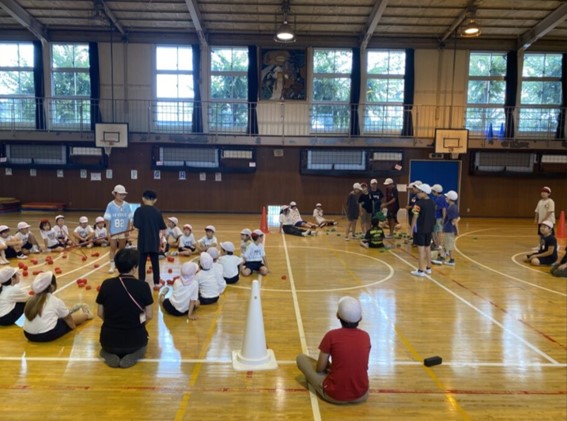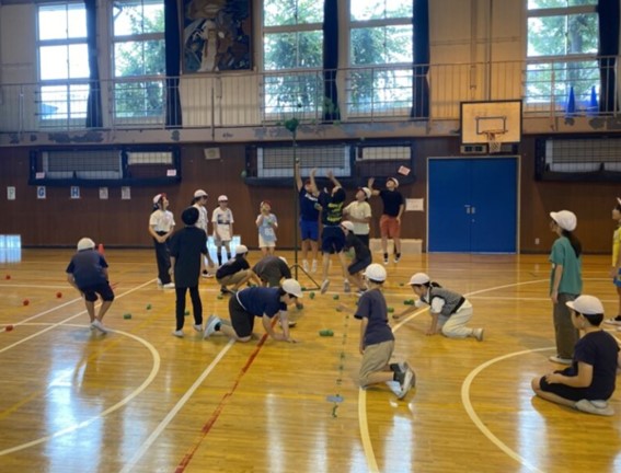 1年生から6年生までのたてわりグループで、遊びをしました。6年生が遊びの企画運営を行いました。どのグループも他学年の子たちと楽しく遊んでいました。
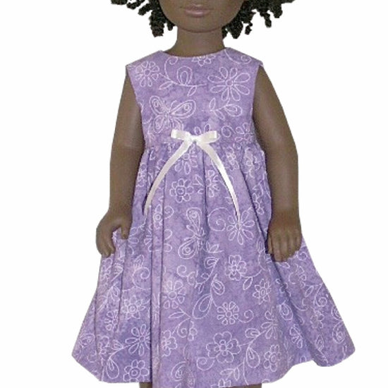 Sleeveless dress designed for 21" Karito Kids dolls features a fully lined bodice paired with a flowing gathered skirt for elegant movement. The back closure uses Velcro for easy dressing and undressing. Perfect for expanding your doll's wardrobe with a versatile, timeless piece.
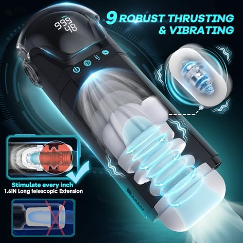 - Upgrade Sex Toys for Men: This high-tech male sex toys offers 9 suction & 9 thrusting & 9 vibration settings for an immersive experience. Inspired by sci-fi movies, the male sex toy delivers a futuristic look.128 textured particles enhance every sensation, while the LCD screen makes penis pump easy to show settings. App control creates a personalized pleasure

* **Your instructions**: Everything in the data above, apart from the pictures, should be retyped exactly.

* **Answer area**:
 1年生から6年生までのたてわりグループで、遊びをしました。6年生が遊びの企画運営を行いました。どのグループも他学年の子たちと楽しく遊んでいました。
 Sleeveless dress designed for 21" Karito Kids dolls features a fully lined bodice paired with a flowing gathered skirt for elegant movement. The back closure uses Velcro for easy dressing and undressing. Perfect for expanding your doll's wardrobe with a versatile, timeless piece.
 - Upgrade Sex Toys for Men: This high-tech male sex toys offers 9 suction & 9 thrusting & 9 vibration settings for an immersive experience. Inspired by sci-fi movies, the male sex toy delivers a futuristic look.128 textured particles enhance every sensation, while the LCD screen makes penis pump easy to show settings. App control creates a personalized pleasure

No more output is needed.